● **GIVEN MATERIAL**:
= Beginning of Section =

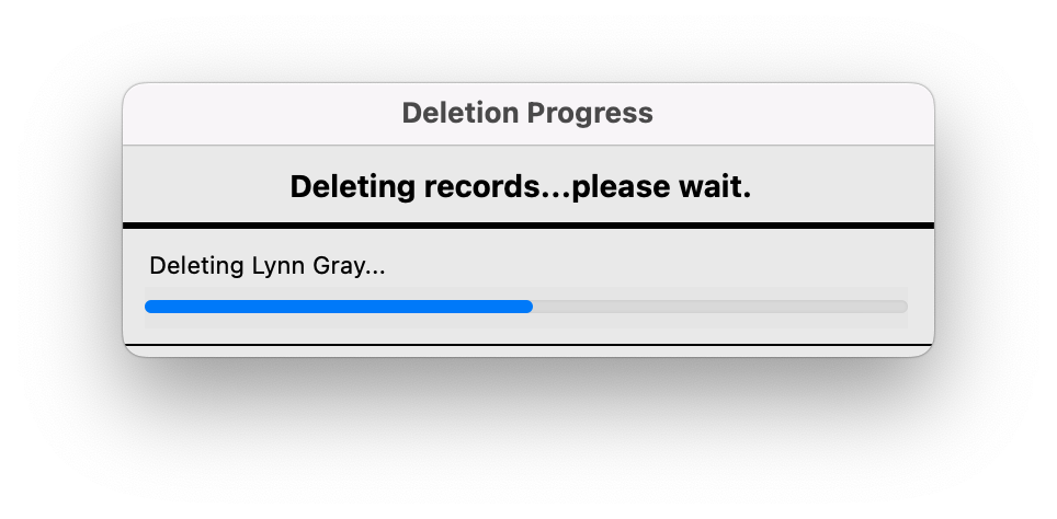 - You'll then see a window appear that will show the process of these records being deleted.
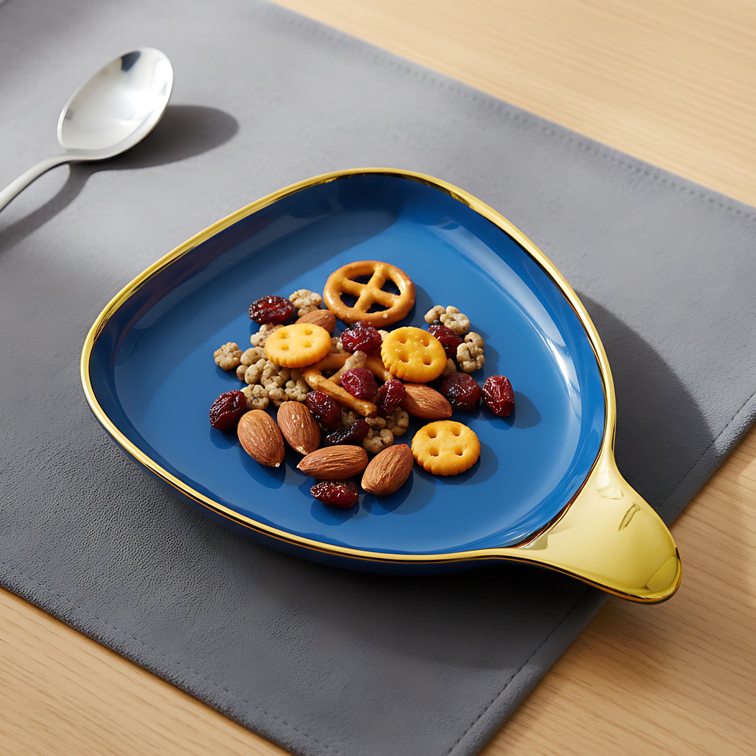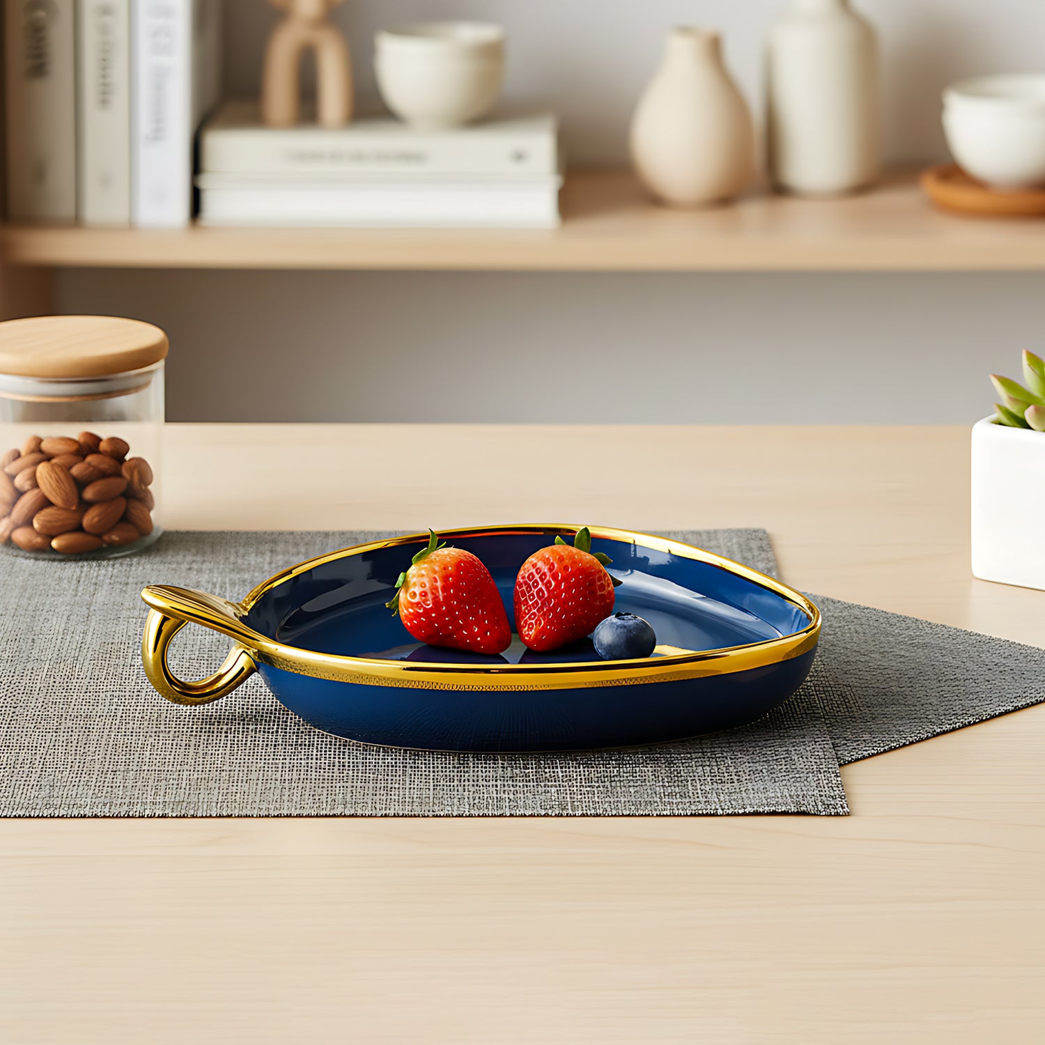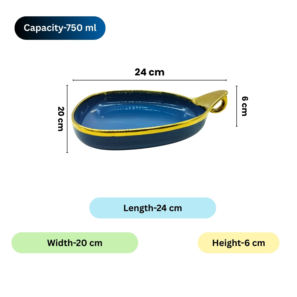 Serve in style with this premium blue ceramic deep triangular platter, designed with a luxurious golden rim and a unique hook-shaped handle. Its wide and deep design makes it ideal for serving snacks, salads, desserts, fruits, chips, nachos, and more. Crafted from high-quality, food-safe ceramic, this platter adds an elegant touch to any table setting. The shiny glazed finish enhances its appeal, making it perfect for both everyday use and special occasions. Available in Blue and Cream, this 24cm x 20cm x 6cm platter is a must-have for stylish serving.
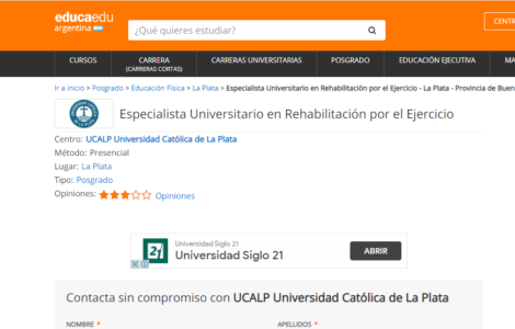 Desde la Comisión de Control del Ejercicio Profesional del Colegio de Kinesiólogos informaron que el curso de «Posgrado de especialista universitario en Rehabilitación por el Ejercicio» que se promociona de forma online no se encuentra vigente ni forma parte de la oferta académica de la UCALP.
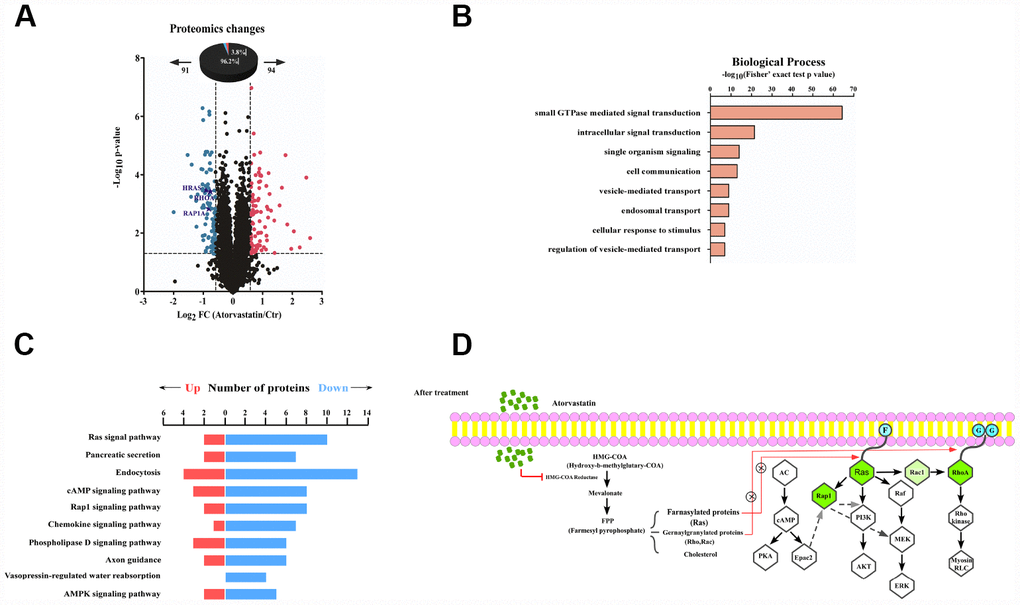 We quantified and analyzed proteins from the raw database. A total of 185 proteins (3.6% of the 5031 proteins) significantly changed after atorvastatin treatment, among which 94 were up-regulated and 91 proteins were down-regulated respectively (Figure 3A). Interestingly, we found many down-regulated proteins correlated to the development of cancer. To thoroughly understand the role of the down-regulated proteins in the anti-tumor effect of atorvastatin, we annotated the function and characteristics of these proteins from the Gene Ontology (GO) and Kyoto Encyclopedia of Genes and Genomics (KEGG). GO analysis indicated the most two significantly changed biological processes were small GTPase mediated signal transduction and intracellular signal transduction. In addition to these observations, other functional categories are listed (Figure 3B). Consistent with GO analysis, the KEGG database showed that most drug-altered proteins were related to the Ras signal pathway (Figure 3C). The data also demonstrated that a large number of treatment-changed proteins were associated with the cAMP signal pathway and the Rap1 signal pathway (Figure 3C). In proteomic profiles, RhoA, Rap1, and Ras were strongly down-regulated, involved in these pathways mentioned above (Figure 3A). Multilayered proteomic results prompted us to depict a schematic of pathway interaction and protein alterations mediated by atorvastatin (Figure 3D). The picture showed that atorvastatin decreased the production of the mevalonate pathway by inhibiting HMG-CoA reductase, which is required for small G-protein activity, such as Ras and RhoA. In addition to these changes consistent with previous research, the proteome profile suggested the functional roles of altered proteins upon atorvastatin in the regulation of cAMP and Rap1 signal pathway.

= End of Section =

● **WORK INSTRUCTION**:
Transcribe all data precisely. Pictures are not copied.

● **RESULT**:
 - You'll then see a window appear that will show the process of these records being deleted.
 Serve in style with this premium blue ceramic deep triangular platter, designed with a luxurious golden rim and a unique hook-shaped handle. Its wide and deep design makes it ideal for serving snacks, salads, desserts, fruits, chips, nachos, and more. Crafted from high-quality, food-safe ceramic, this platter adds an elegant touch to any table setting. The shiny glazed finish enhances its appeal, making it perfect for both everyday use and special occasions. Available in Blue and Cream, this 24cm x 20cm x 6cm platter is a must-have for stylish serving.
 Desde la Comisión de Control del Ejercicio Profesional del Colegio de Kinesiólogos informaron que el curso de «Posgrado de especialista universitario en Rehabilitación por el Ejercicio» que se promociona de forma online no se encuentra vigente ni forma parte de la oferta académica de la UCALP.
 We quantified and analyzed proteins from the raw database. A total of 185 proteins (3.6% of the 5031 proteins) significantly changed after atorvastatin treatment, among which 94 were up-regulated and 91 proteins were down-regulated respectively (Figure 3A). Interestingly, we found many down-regulated proteins correlated to the development of cancer. To thoroughly understand the role of the down-regulated proteins in the anti-tumor effect of atorvastatin, we annotated the function and characteristics of these proteins from the Gene Ontology (GO) and Kyoto Encyclopedia of Genes and Genomics (KEGG). GO analysis indicated the most two significantly changed biological processes were small GTPase mediated signal transduction and intracellular signal transduction. In addition to these observations, other functional categories are listed (Figure 3B). Consistent with GO analysis, the KEGG database showed that most drug-altered proteins were related to the Ras signal pathway (Figure 3C). The data also demonstrated that a large number of treatment-changed proteins were associated with the cAMP signal pathway and the Rap1 signal pathway (Figure 3C). In proteomic profiles, RhoA, Rap1, and Ras were strongly down-regulated, involved in these pathways mentioned above (Figure 3A). Multilayered proteomic results prompted us to depict a schematic of pathway interaction and protein alterations mediated by atorvastatin (Figure 3D). The picture showed that atorvastatin decreased the production of the mevalonate pathway by inhibiting HMG-CoA reductase, which is required for small G-protein activity, such as Ras and RhoA. In addition to these changes consistent with previous research, the proteome profile suggested the functional roles of altered proteins upon atorvastatin in the regulation of cAMP and Rap1 signal pathway.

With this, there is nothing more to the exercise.